Montebourg veut orienter l’assurance vie vers les entreprises françaises


Le ministre de l'Economie Arnaud Montebourg a affirmé sa volonté de voir l'assurance vie être investie davantage dans le capital des grands groupes français. Quitte à contraindre les assureurs à aller dans ce sens.    

Montebourg en commission des affaires économiques

L’assurance vie n’est pas assez investie dans les entreprises françaises. C’est ce qu’a pointé le ministre de l’Economie Arnaud Montebourg dans le cadre d’une audition sur l’affaire Alstom devant la commission des Affaires économiques de l’Assemblée nationale le 20 mai 2014.

 

Le ministre a observé que la part des investisseurs français dans le capital des entreprises du CAC40 « n’était pas suffisante pour les protéger. Mais nous avons une épargne nationale extraordinaire, 1.300 milliards d’euros [1.484,2 milliards à fin mars 2014, NDLR] qui sont dans l’assurance vie, qui de surcroît jouit d’une bonification fiscale », a-t-poursuivi.

 

Arnaud Montebourg souhaite avant tout que les sociétés françaises cotées reviennent dans le giron tricolore. A la fin 2012, leur capital était détenu à plus de 46% par des investisseurs étrangers.
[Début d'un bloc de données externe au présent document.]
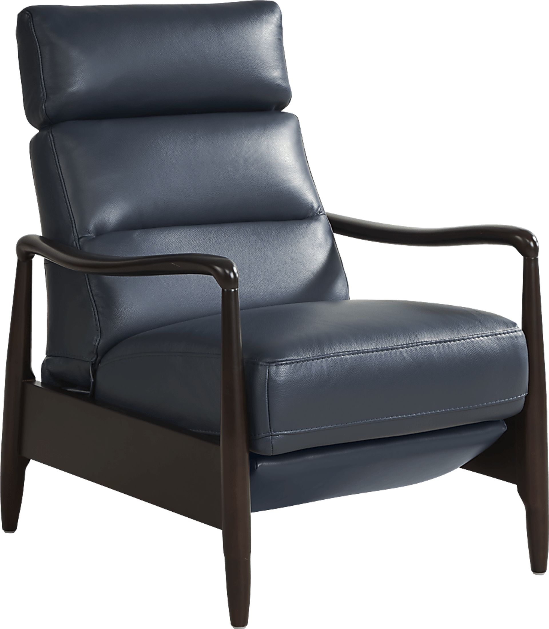 Ease into rich, pillowy comfort and total relaxation anywhere you put the Coleston non-power recliner. Upholstered in blue top grain leather where the body touches, the transitional style is accentuated by smooth wood arms in a dark brown finish. A sumptuous piece, it's as easy to enjoy in the living room with family and friends as it is in your private office with a good book. Upholstery: Top grain leather where the body touches, vinyl sides and back.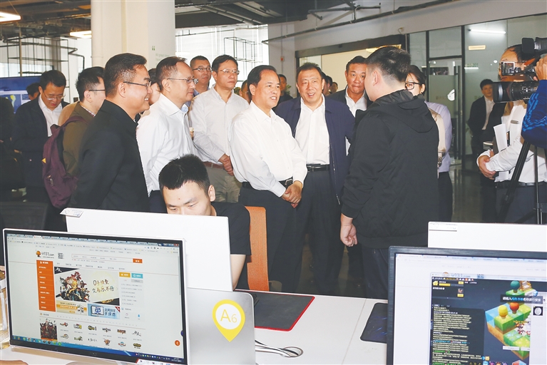 刘赐贵一行实地走访了“蘑菇头”“智医宝”“科创360”“魔脑”等正在园区孵化加速发展的创业团队和企业,与创业青年们深入交流,询问他们的发展规划和现实问题,鼓励大家借助孵化平台充分施展才干,推动企业快速成长壮大。

Pour ce faire, il veut orienter davantage l’épargne de l’assurance vie vers le capital de grands groupes français plutôt que vers des fonds souverains. Les actions ne représentaient qu’environ 17% des placements des compagnies d’assurance, contre près de 40% pour les fonds souverains en juin 2013, selon les statistiques de la Banque de France.

 

Les assureurs contraints d’obtempérer ?

Pour arriver à ses fins, Arnaud Montebourg n’hésiterait pas à forcer la main aux assureurs. « Nous n’avons jamais encore à ce jour décidé d’augmenter le degré de contrainte sur les compagnies d’assurance pour qu’elles décident d’investir dans des proportions plus importantes dans les grandes entreprises de notre pays. Nous le pourrions », a indiqué le locataire de Bercy.

 

Le ministre de l’Economie s’est également interrogé sur le faible recours aux fonds de pension. Une question qu’il a l’intention de poser au président de la fédération française des sociétés d’assurance, Bernard Spitz le jeudi 22 mai : « Cette question, on va la poser aux assurances, aux fonds de retraites mutualistes en leur disant que nous avons besoin que cet argent, des milliards, des centaines de milliards, s’investisse dans nos entreprises », a-t-il avancé. Le rendez-vous est pris.